PI3K/Akt/GSK‐3β and ERK1/2 signal pathways are involved in the protective effect of basic fibroblast growth factor (bFGF) both in the spinal cord of spinal cord injury (SCI) rat and PC12 cells under stress. (A) The protein expressions of p‐Akt/Akt, p‐ERK/ERK, p‐GSK‐3β/GSK‐3β in the sham, SCI model and SCI rat treated with bFGF groups. (B) The optical density analysis of p‐Akt/Akt, p‐ERK/ERK, p‐GSK‐3β/GSK‐3β protein. **represents P < 0.01 versus the sham group, and ^#represents P < 0.05 versus the SCI group. Data are the mean values ± SEM, n = 6. (C) MTT results of the different concentrations of thapsigargin (TG)‐treated PC12 cells. (D) MTT result of bFGF‐treated PC12 cells induced by TG. (E) FACScan result of PI/Annexin V‐FITC staining for cell apoptosis analysis. (F) Statistical result of apoptosis rate in PC12 cells treated with TG and bFGF. **represents P < 0.01 versus the control group, and ^#represents P < 0.05 versus the TG group.

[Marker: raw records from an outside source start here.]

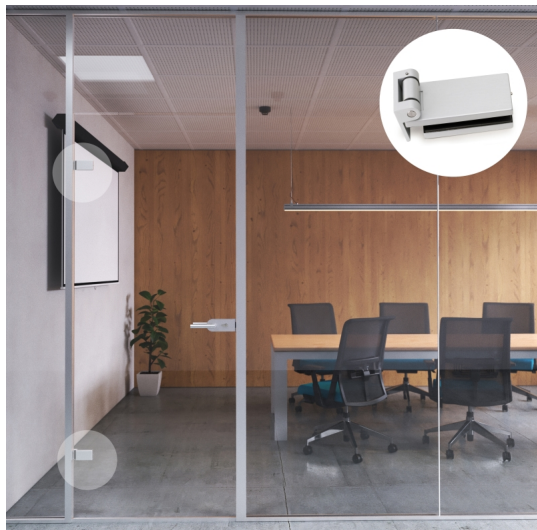
Emuca Cerniera per anta in vetro, cerniera orizzontale con forcella da 40 mm, per anta da 8-12 mm, alluminio e acciaio, grigio metallizzato
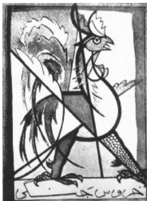
نشان انجمن خروس جنگی
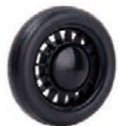
NAME:6" 风叶轮 ITEM NO:XH6036 SIZE:149*34 配套:6" 备注:反面带刹车齿
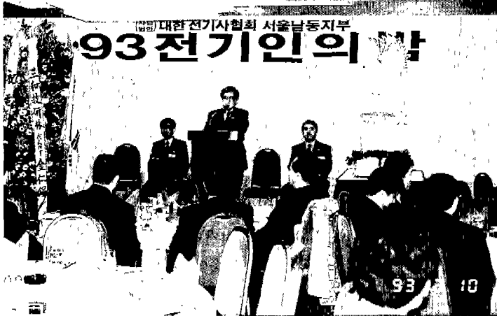
◀ 서울남동지부 '93전기인의 밤
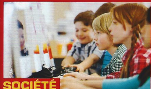
SOCIÉTÉ L'école joue-t-elle encore son rôle d'ascenseur social ?

ENQUÊTE Notre pays peut-il s'adapter au boom des seniors ?
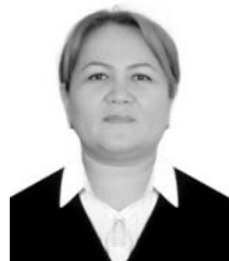
H. Ch. NUSRATOVA*

Key words: reading books, reading culture, humanity, means of communication, harmonious upbringing of a person, spirituality, culture, morality, level of knowledge, intellect, intellectual potential, consciousness, thinking, worldview, reading.
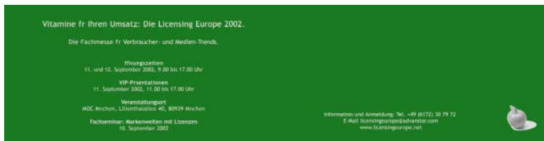
[Abb_31] VIP Einladungskarte in Licensing-Grün eingefärbeter Karton, silber bedruckt
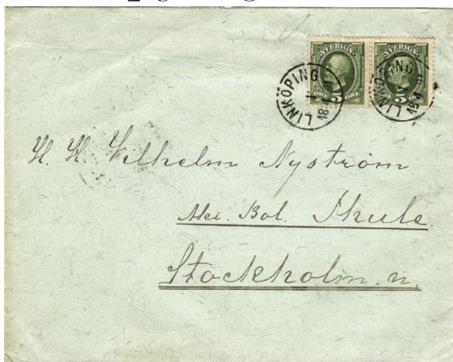
Linköping 1-4-1891 n16

Undrar Sten Lagerholm sten_lagerholm@hotmail.com
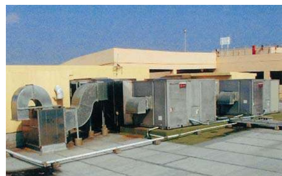
ミハマセブンプレックス空調設備
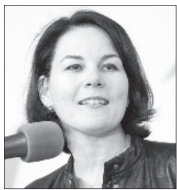
Кандидат в канцлеры ФРГ Аннелена Бэрбок

"К сожалению, имеем отказ как по предоставлению Киеву оборонного вооружения, так и по НАТО. Это разочаровывает", - написал он. Также Мельник добавил, что настало время отбросить "иллюзии об изменении политики Берлина" после выбо-
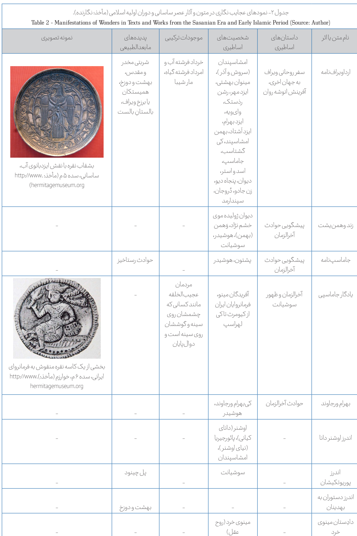
Table 2 - Manifestations of Wonders in Texts and Works from the Sasanian Era and Early Islamic Period

بشقاب نقره با نقش ایزدبانوی آب، ساسانی، سده ۵ م

Data are the mean values ± SEM, n = 3. (G) The protein expressions of CHOP, GRP78, p‐Akt, p‐ERK1/2, p‐GSK‐3β in ER stress–induced apoptosis PC12 cells treated with bFGF and different inhibitors. β‐actin was used as the loading control and for band density normalization. (H) The optical density analysis of CHOP, GRP78, p‐Akt, p‐ERK1/2 and p‐GSK‐3β protein. *represents P < 0.05 versus the control group, ^#represents P < 0.01 versus the TG group, ^$represents P < 0.05 versus the TG+bFGF group. Data are the mean values ± SEM, n = 3.